I am semi-sorta pondering purchasing a tube amp setup for my bedroom. Most likely I will be powering a pair of Insignia Bookshelf speakers from Best Buy (they have been the rage among internet budget audiophiles and I love the way they sound). 

Anyway, I found that Parts Express has a tube amp for $748. Here is the link:

http://www.partsexpress.com/pe/showdetl.cfm?&Partnumber=306-100

Can anyone who has heard or owns this amp tell me what they think of it? Any problems? Sound quality? 

I saw the unit at the Audio Fest Show in Denver yesterday on the Parts Express table, and on the exterior it looks nice. But it wasn't hooked up and so I did not have a chance to audition it. I love the way tubes sound but have never owned one. $750 would be about the absolute max I would be willing to spend on a bedroom unit. 

Thanks!


----------



## JCD (Apr 20, 2006)

I haven't heard that particular amp, but I'm sure it's fine..

However, I think your putting the horse ahead of the cart by buying an amp for $799 to use with speakers that cost ~$60. I think you'd do just as fine with any ole stereo receiver you can lay your hands on.

Now, if you wanted to own a tube setup just for sake of the sexy tubes, that'd be different.
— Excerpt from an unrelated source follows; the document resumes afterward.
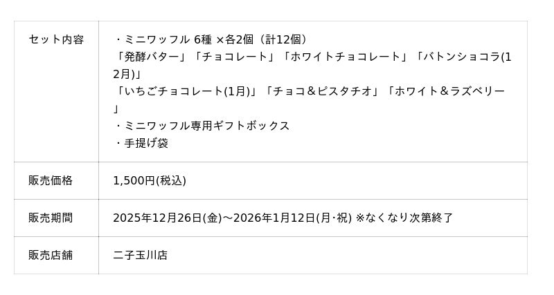 人気のミニワッフルに加え、12月から登場したミニワッフル&デコもセットに。華やかでかわいらしい見た目で、年末年始の集まりにもぴったりです。

You might want to look for some used Dynaco amps -- I'd imagine you kind find some for less than the $799 at PartsExpress and their "classic". 

But if you do that, I'd also recommend upgrading your speakers. It'd still be kinda silly to spend that kind of $$ on an amp when they'll be driving $60 speakers. Not that the Insignia's are bad -- they've got a great reputation for a audiophile speaker on the cheap -- but my rule of thumb is 70%/30% for speaker/electronics budgeting.

JCD


----------



## jackfish (Dec 27, 2006)

You could get a Jolida demo or used for about that price and have a known quantity. Sounds like you do need different speakers to complement a tube amplifier. Why not get a Sonic Impact T-Amp? It would seem to be a better match for those inexpensive and compromised speakers.


----------



## bobgpsr (Apr 20, 2006)

It really helps to have highly efficient speakers (+ 98 dB SPL) if your really want to go tube amp. High power solid state amps allowed lower efficiency speakers to be used. The output transformer with its saturation is the real fidelity destroyer for tube amps. Those amps which avoided them did best but that made them very expensive. Then there are high impedance electrostatic speakers which matched well with tube amps.


----------